Jason S. Baker, Patrick J. Nolan

Research output: Contribution to journalArticle

4 Scopus citations


Background The aim of this study is to evaluate the effectiveness of botulinum toxin type A (BTX-A) for the treatment of chronic masticatory myofascial pain (MMP) over 12 months and to test a standardized protocol. Methods This is a prospective case series of consecutive adult patients with chronic MMP treated with injection of BTX-A into the bilateral temporalis and masseter muscles. The authors used the same anatomic landmarks and dosage and followed each patient for 12 months.

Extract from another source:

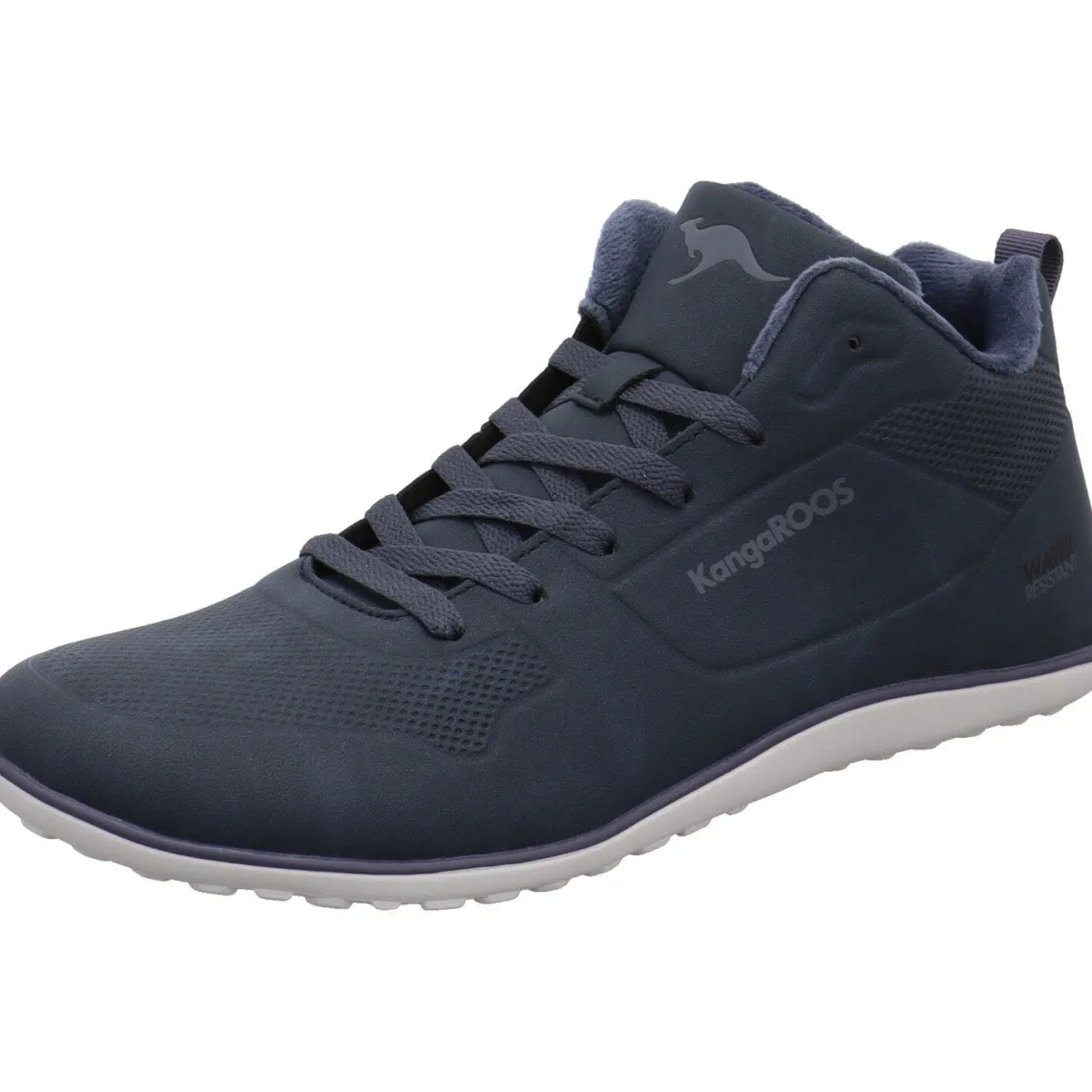 Er wurde aus Kunstleder in Blau gefertigt. Durch die Schnürung und die Lasche am Schaft ist der Einstieg ganz einfach.

The primary outcome variables were reduction in pain measured with visual analog scale (VAS) and Physician Global Assessment (PGA). Secondary outcome variables were change in maximum pain-free opening, change in palpatory pain points in the face and oral cavity, and change in results from a questionnaire measuring disability, dysfunction, and psychosocial effects of the disease. Results The authors included 15 women and 4 men (mean [standard deviation] age, 32.7 [6.9] years) in the study. Pain decreased significantly as measured with the VAS (P <.0001) and PGA (P <.0001). Maximum pain-free opening increased significantly (P =.010), but maximum voluntary opening did not change significantly (P =.837). The number of palpatory pain points (P <.0001) and the symptom questionnaire score decreased over time (P <.0001). Conclusions The results of this case series suggest that injecting BTX-A into the bilateral temporalis and masseter muscles may be a safe and effective treatment for chronic MMP. Practical Implications Controlled clinical trials are needed to confirm whether administration of BTX-A is effective in treating facial pain.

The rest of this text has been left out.